### Excerpted data:

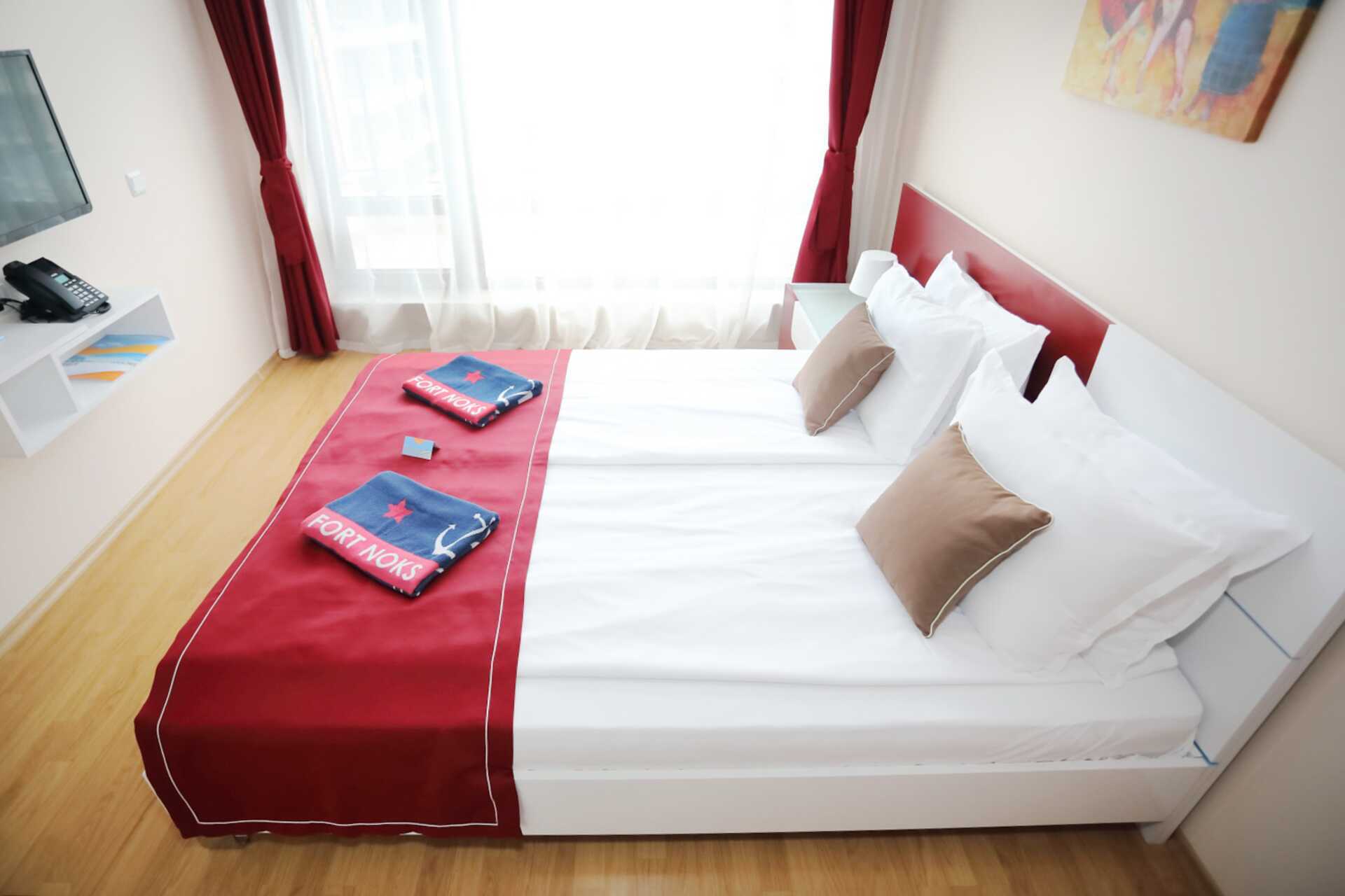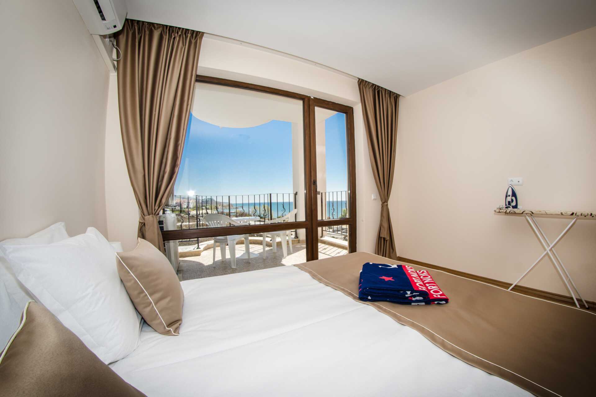 Större dubbelrum med balkong. En dubbelsäng eller två enkelsängar. Wifi, luftkonditionering och deponering ingår. Kylskåp, mikrovågsugn och vattenkokare. Tv med internationella kanaler. Strykjärn och strykbräda. Hårtork. Badrum med dusch och wc. Städning 7 ggr/vecka.
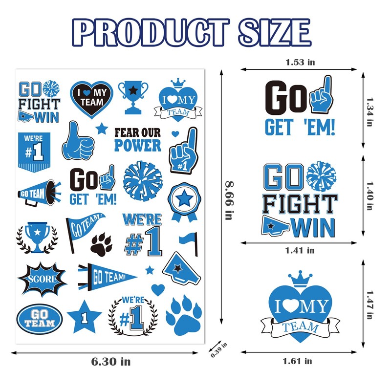 - Team Spirit Design: These Glitter team tattoo stickers add glitter material to make the tattoo stickers more eye-catching when worn, and with motivational slogans such as "GO TEAM", "WE'RE #1", "GET 'EM", combined with trophies, stars, flags, gestures and other elements that symbolize unity and victory, it can enhance the sense of belonging and pride of team members
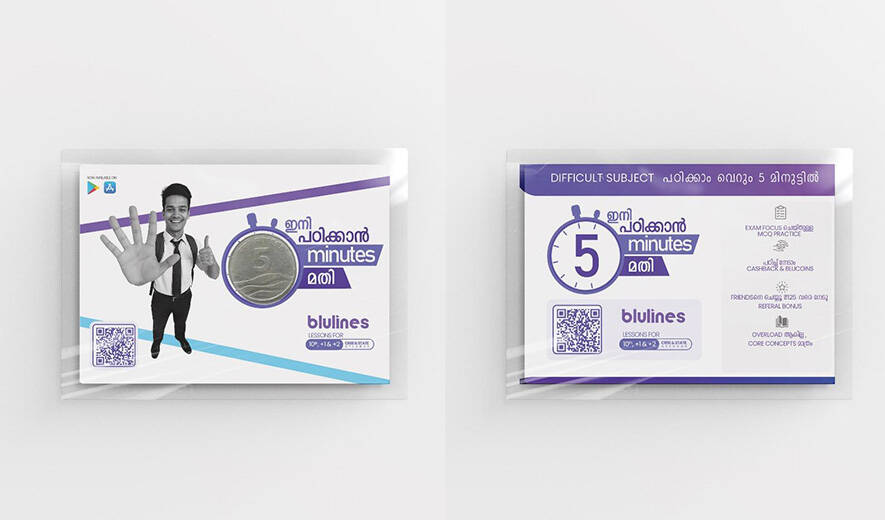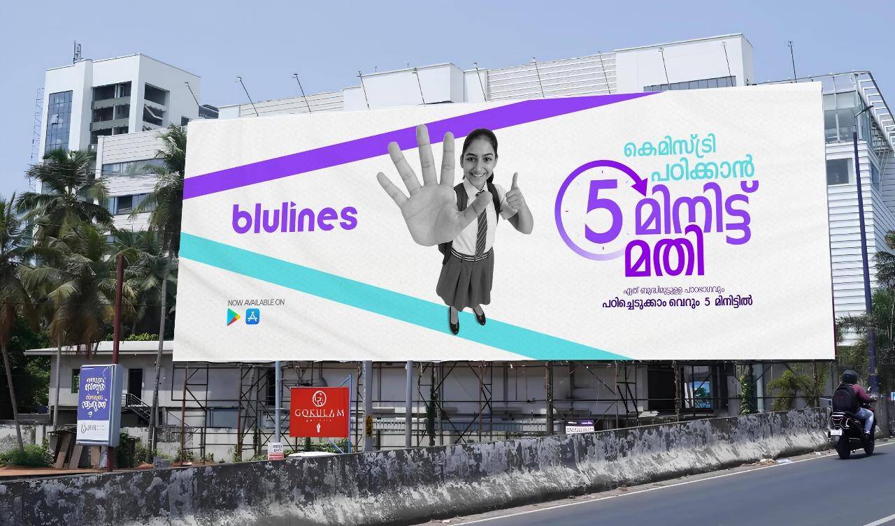 This professional campaign titled 'ഇനി പഠിക്കാൻ 5 മിനിറ്റ് മതി ' was published in India and United Arab Emirates in August, 2025. It was created for the brand: Blulines Learning, by ad agency: Mentar Ventures Pvt Ltd. This 360°, Film, and OOH Outdoor media campaign is related to the Education industry and contains 8 media assets. It was submitted about 2 months ago by Mentar Ventures of Branding and Perfomance Marketing Agency.
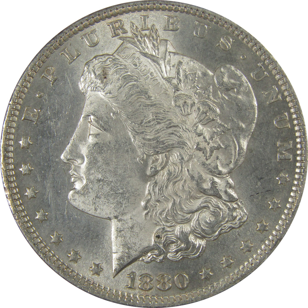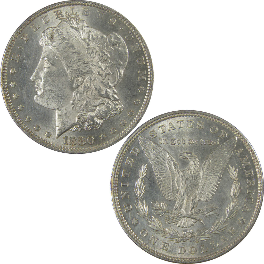 A genuine 1880 Morgan Silver Dollar Coin, in Uncirculated Mint State Condition. Contains 90% Silver
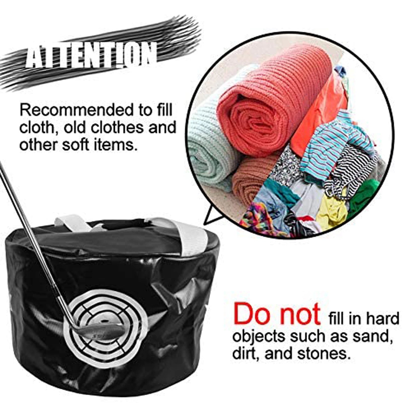 Introducing the Impact Smash Bag, an innovative tool that can help you enhance your club head speed and swing power. Simply add old towels or clothes to the bag, and practice your swing.
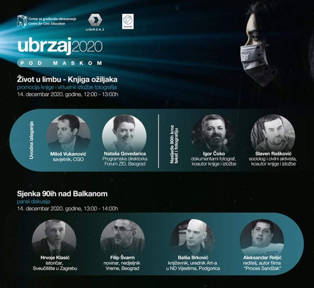 Iz CGO su kazali da takođe, posljednjeg dana Festivala UBRZAJ u okviru pratećeg programa koji se odnosi na suočavanje sa prošlošću organizuje se promocija knjige i virtuelne izložbe fotografija "Život u limbu – knjiga ožiljaka" o kojoj će govoriti njeni autori Igor Čoko i Slaven Rašković od 12-13 časova, a nakon toga slijedi panel diskusija "Sjenka 90ih nad Balkanom" u okviru koje govore Hrvoje Klasić, istoričar iz Zagreba, Filip Švarm, novinar iz Beograda, Balša Brković, književnik iz Podgorice i Aleksandar Reljić, novinar i reditelj iz Novog Sada.
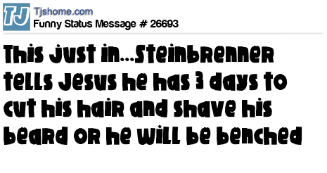 X is This just in...Steinbrenner tells Jesus he has 3 days to cut his hair and shave his beard or he will be benched
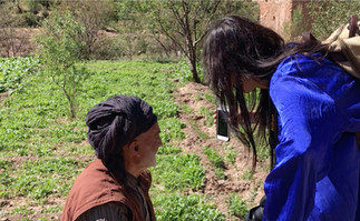 Walking among the ruins of the village was an emotional experience for me, filled with an intense feeling of connection and loss. Arriving at a place I had never been before, it still felt like a part of me. Witnessing the ruins, I could barely comprehend that this place, once full of life, was where my family lived. While in the ruins of the Mellah, I called my mother through FaceTime to show her the village of her childhood. I was excited to make this video and share the village with her, but I didn't consider how traumatic it would be for her to witness the ruins of what was once her home. After visiting the Mellah, a man from the village invited us to his home for tea. The grandmother was sitting outside, making wool thread with a stick, rolling the soft raw wool into a thin white thread wrapped around the stick into a bowl. I remembered a flash of memory about wool making in the village. I even remembered my mother demonstrating the same gesture of rolling the thread that I’m witnessing in front of me.
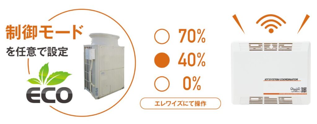 エレワイズはデマンド値を下げて電気料金を削減するシステムとして注目されており、無線で室外機を制御するため、設置費用を抑え、短い工期で導入できるという強みがあります。
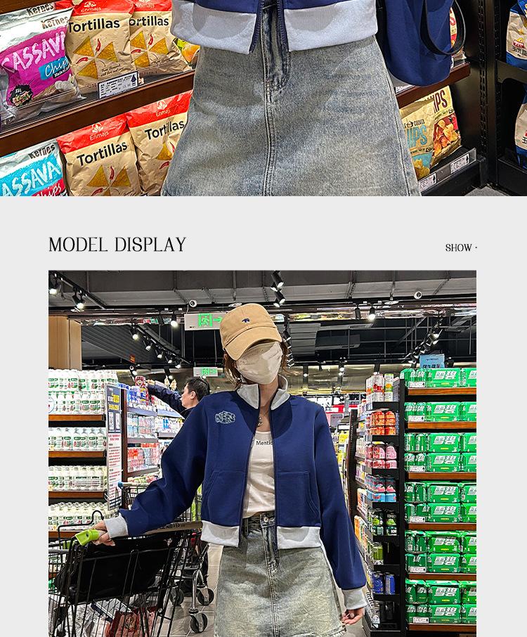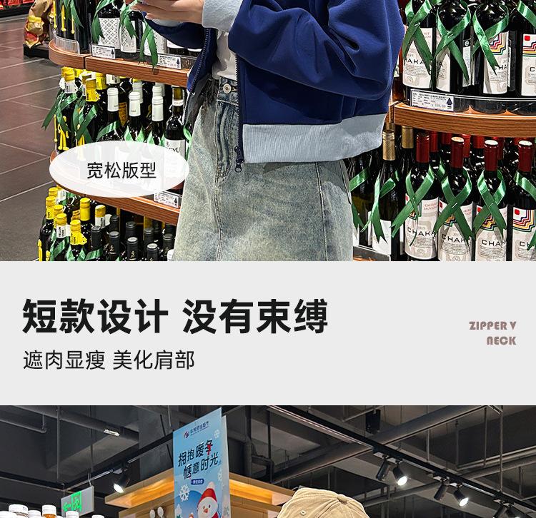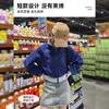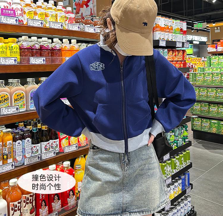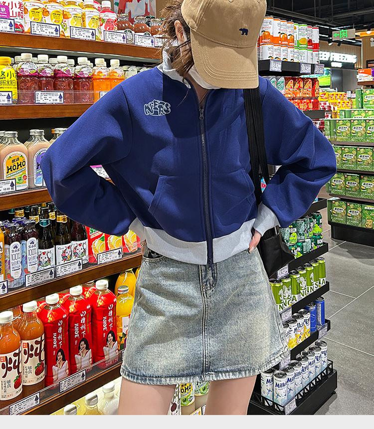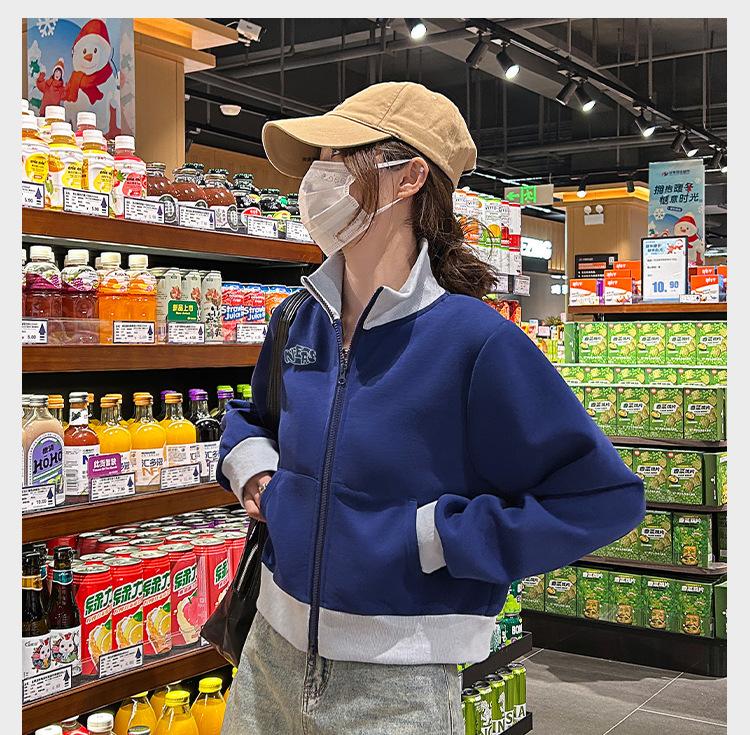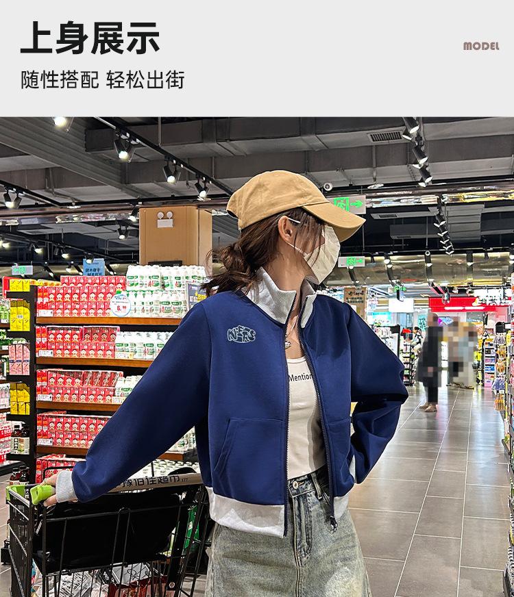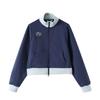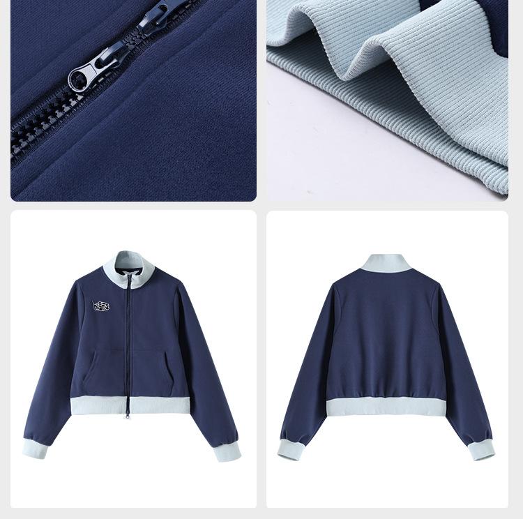Suéter corto azul para mujer, abrigo de primavera y otoño de 2025, nuevo cárdigan con cuello pequeño y cremallera en contraste de color para hombre.

### Exercise description:
Go back to the line that contains "Walking among the" and copy it, along with each line after it through the end of the listing above, exactly and without pictures.

### Solution for this task:
 Walking among the ruins of the village was an emotional experience for me, filled with an intense feeling of connection and loss. Arriving at a place I had never been before, it still felt like a part of me. Witnessing the ruins, I could barely comprehend that this place, once full of life, was where my family lived. While in the ruins of the Mellah, I called my mother through FaceTime to show her the village of her childhood. I was excited to make this video and share the village with her, but I didn't consider how traumatic it would be for her to witness the ruins of what was once her home. After visiting the Mellah, a man from the village invited us to his home for tea. The grandmother was sitting outside, making wool thread with a stick, rolling the soft raw wool into a thin white thread wrapped around the stick into a bowl. I remembered a flash of memory about wool making in the village. I even remembered my mother demonstrating the same gesture of rolling the thread that I’m witnessing in front of me.
 エレワイズはデマンド値を下げて電気料金を削減するシステムとして注目されており、無線で室外機を制御するため、設置費用を抑え、短い工期で導入できるという強みがあります。
Suéter corto azul para mujer, abrigo de primavera y otoño de 2025, nuevo cárdigan con cuello pequeño y cremallera en contraste de color para hombre.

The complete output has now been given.